Single-TC coverage is permitted only in one case: the artifact describes a prohibition / negative invariant on its own (for example, a security TC by STRIDE category — it is negative by nature).

9.8 Spec-specific TC — mandatory kinds per SPEC type¶

A closed normative table: each SPEC type MUST have at least one TC of each "mandatory kind" before transitioning into verified (chapter 8 §8.8).

SPEC type	Mandatory TC kinds	Additional TC kinds
SPEC-ARCH	Conformance (zoning / dependency rules)	Reference quality-attribute values (latency / throughput / availability)
SPEC-API	Contract (against the contract from `contract-file`)	Auth negative; rate-limit; versioning compatibility
SPEC-DATA	Constraint (FK / NOT NULL / unique); Migration (forward pass + rollback)	PII handling; retention; index regression
SPEC-INT	Contract (mocked counterparty); contract TC `tc-type: contract` (real / sandbox counterparty)	Failure injection; idempotency; observability (correlation IDs)
SPEC-PROC	Happy path E2E; Alternative paths E2E	Compensation (for saga); SLA end-to-end
SPEC-UI	VLM-judge against a baseline (judge ≠ production); Accessibility (WCAG-AA minimum)	i18n (string overflow / RTL); Journey E2E
SPEC-AI	Eval against a reference dataset (judge isolated)	Adversarial (prompt injection as a negative TC); Cost regression; Hallucination tests
SPEC-SEC	Authz / RBAC matrix; Threat-test per STRIDE category	Audit log; Secrets leakage; Encryption invariants
SPEC-OPS	Smoke after deploy; SLO regression (load test)	Failover / DR drill; Observability (alert firing correctness)
SPEC-TEST	Reproducibility (a repeat run on the same bench yields the same result); Counterparty validity (the sandbox answers as the real system does); Dataset integrity (the data conform to the declared schema and volume)	Bench drift (the configuration has not diverged from the declared one); Completeness of anonymization
SPEC-DOC	Doc lint (`automation.kind: static`): the presence of the mandatory sections; coverage of all roles and scenarios from the linked BR / SR; the match of the document version to the system version; the language and format	Substantive conformance to the implemented behavior — by a judge agent through P7 / `eval`

The substrate-native hook promote SPEC → verified (chapter 3 §3.3.3) MUST check for the presence of at least one TC of each mandatory kind and block the transition in their absence.

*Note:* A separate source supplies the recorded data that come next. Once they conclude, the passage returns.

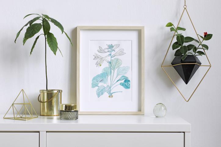 Em casa temos móveis em que já acomodamos objetos e nos quais se apoiarmos um quadro pode ficar lindo. Sobre uma prateleira, uma mesa auxiliar, uma estante ou, até mesmo, no chão. Se você é dessas pessoas que não se aquieta com a decoração da casa e gosta de experimentar coisas novas, você vai adorar essa opção, porque poderá mudar os quadros de posição sempre que quiser, sem problemas.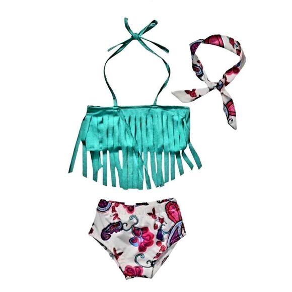 NWOT MIA BELLA SWIMSUIT 3 PIECE BIKINI POMS TURQUOISE, HOT PINK, WHITE SIZE 12-24 MTHS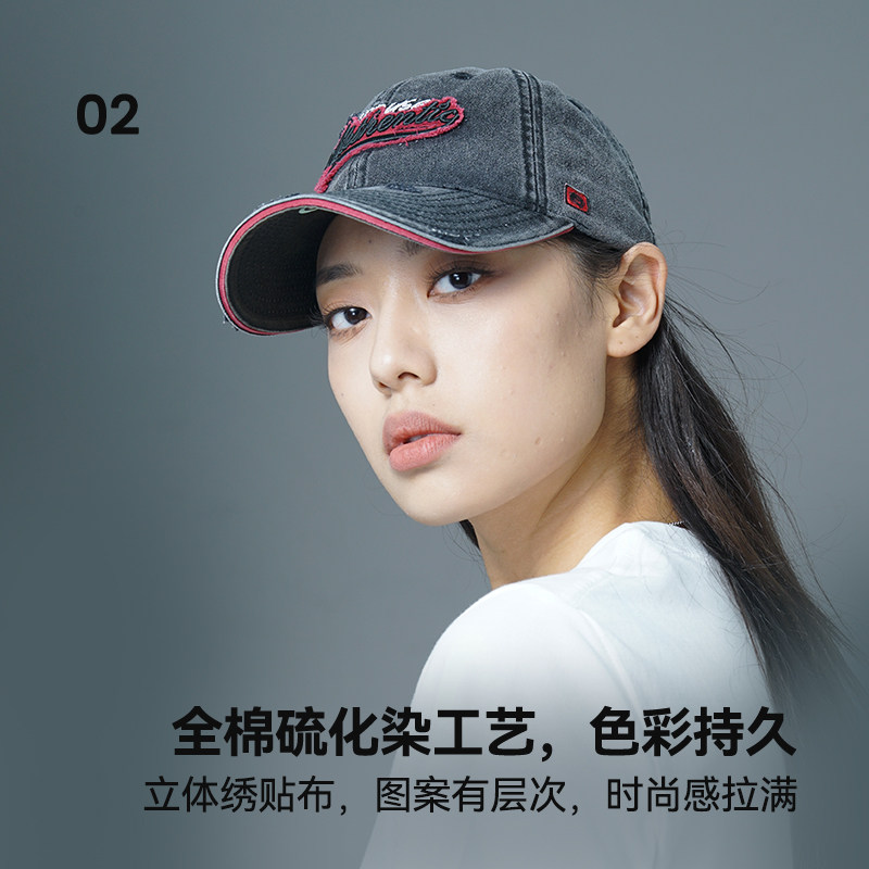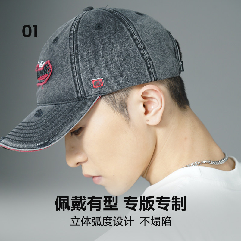 力可派男士潮牌时尚软顶棒球帽水洗做旧牛仔帽刺绣宽檐复古鸭舌帽

Self-reference of SPEC-TEST. The TC that verify the SPEC-TEST itself (reproducibility, counterparty validity, dataset integrity) are run on the very bench they describe, and therefore carry an environment-ref to that same bench. The circle is admissible and is the norm: the bench proves its own fitness in the only way available — by working. Invalidation remains correct even so: a change of bench increments its version and devalues its own TC among the rest — which is exactly what is required.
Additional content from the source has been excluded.